I know I’m no expert in the relationship field, but as an emotional woman myself, I know how we can be.  I was married for almost 10 years and had to learn a lot of these lessons.  It was a hard pill for me to swallow too, but it was healing medicine.  I do recognize that I have a whole lot more of these pills yet to eat when it comes to the lessons of life.

Warren and I created our own little tradition on these holidays.  We would go to the card aisle of the store to find the perfect card for each other.  Then, we would hand each other the card we chose, read them, give kisses, and then put the cards back.  Hahaha!  We could easily afford the cards, but it was our silly little sentimental thing.  When our pastor heard what we did, he scolded us, and told us to stop it and buy the cards.  All that was said while he was laughing at us.  I should make mention, that we would surprise each other with a card, or note, or little thoughtful gift throughout the year – just because.

If each person in the couple equation gives 100% of self, who is left without?

Just some of my random thoughts for today.

Lots Of LOVE To All!

~Shannan

2011, Keeping It Real!

7 Comments

  1. 02/14/2011 at 11:50

    This is so very true, Shannan. It’s hard to remember, once you’re in the middle of the day-to-day stuff of relationships how much you longed for the one your love to finally be in your life. What a good reminder to appreciate him/her and thank God every day!

    • 02/14/2011 at 11:50

      Kimberly, I have no doubt you will love me the same by reminding me when I am living in that “day-to-day” life 😉

  2. Chris Adsit said,

    02/14/2011 at 11:50

    Ha!
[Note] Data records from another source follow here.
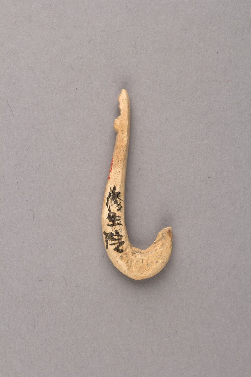 The Jōmon period is the earliest period in Japanese history, lasting from roughly 14,000 to 300 BCE. The Jōmon people were primarily hunter-gatherers, hunting land animals and gathering vegetables and nuts on the land as well as hunting and fishing at sea. Using implements such as this fishhook, Jōmon communities, especially those close to the sea, were able to consume a variety of fish. Fish bones found at Jōmon archaeological sites indicate that the Jōmon hunted fish not only close to the shore but also farther out in the open sea, where larger fish such as tuna could be caught. There is even evidence that the Jōmon ate pufferfish, a poisonous fish considered a delicacy in modern Japan.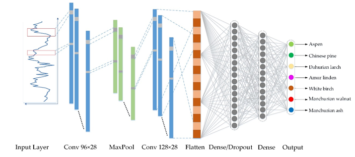 研究人员首次将我国自主生产的高光谱遥感影像数据OHS-1应用于优势树种分类研究,发挥其高光谱分辨率(2.5nm)和高空间分辨率(10m)的优势,同时,引入深度学习算法(一维深度卷积神经网络模型Conv1D),在有限的样本数据条件下,选择光谱特征和树冠纹理特征(熵和均值)作为分类特征参数,通过优化卷积核大小及卷积层数等参数的设置,实现了东北长白山典型森林样区优势树种的高精度识别。基于地面调查样点的精度验证结果表明,深度学习模型的总体分类精度(85.04%)高于随机森林模型(80.61%),尤其是对于光谱特征相似的阔叶树种(如核桃楸和白杨),深度学习模型的自动识别精度(87.15%)显著高于随机森林模型(71.77%)。因此,基于卷积的深度学习框架结合高光谱影像数据能够有效提高树种分类的准确性,具有广阔的应用前景。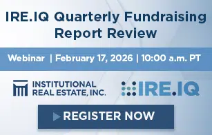 Register Webinar: IRE.IQ Quarterly Fundraising Report Review February 17, 2026 | 10:00 A.M. PT (1:00 P.M. ET) | Zoom Webinar Join Institutional Real Estate, Inc. for the next of our complimentary webinar series, IRE.IQ Quarterly Fundraising Report Review. Content will feature data from our proprietary IRE.IQ database. Loretta Clodfelter, editorial director at Institutional Real Estate, Inc., and two expert speakers will discuss their perspectives on real estate equity and debt fundraising and capital-flows trends for fourth quarter 2025.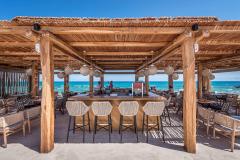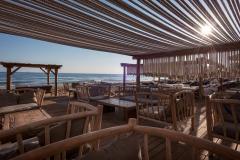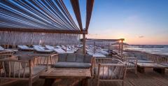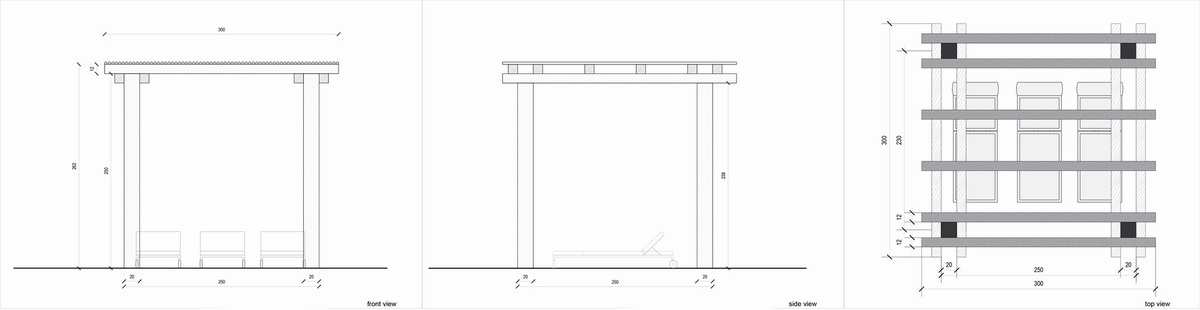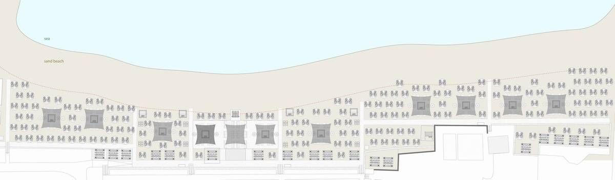 海滩分为五个区域,包括室外沙发床,躺椅,座椅区,以及凉棚。天然材料是建筑与景观能形成对话关系的首要元素。

Loved the free greeting card trick! I’d try that myself, but I know R would see though it as a thinly-veiled means of saving money! Dang! Besides that – excellent advice for ALL couples! You and Warren learned a LOT in that department during your ten years, and we can all benefit from your input!

    • 02/14/2011 at 11:50

      Hey Chris, Warren lucked out with me because that’s exactly what started our special way of giving greeting cards; the money! Ha! I kept everything we gave each other, but on the “because you are suppose to” holidays we decided to start our own tradition of saving money 🙂 His aunt told his mom one time that we were a little odd. We wore that title proudly…LOL! I’m sure she will be saying “I told you so” the more I tell.

  3. Bob Teeple said,

    02/15/2011 at 11:50

    Happy after National Singles Awareness Day. Rather than over-emphasizing the importance of one day, isn’t it about how we treat each other every day? Just saying…

  4. Zoraida said,

    02/15/2011 at 11:50

    Very well said (written) Shannon. I also know many people in relationships with either the wrong person, or they ARE the wrong person! My hubby of 15plus years and I made handmade cards, (well I did anyway…he leaves me notes all year round when he leaves town), ate dinner (soup on tv trays while watching a movie) then shared a delicious dark chocolate candy bar, and couldn’t have been happier! I remember the days I prayed for him and my prayers were answered with perfect timing.

  5. 02/15/2011 at 11:50

    I’m just wondering why this day falls solely on the shoulders of the man? While it’s wonderful for our men to adorn us on this day, we too should be adorning our men. This is not the day to tell someone you love them, it is the day you celebrate your love with one another – in other words, it’s not an ‘I love you’ kind of day so much as it should be an ‘I love us’ kind of day. While I’d to say that men should step up their game, the women really should do so as well. A husband cannot love his wife if she does not respect him and a wife cannot respect her husband if he does not love her. It’s as you said, “If each person in the couple equation gives 100% of self, who is left without?”

    Thankful for experience and lessons learned.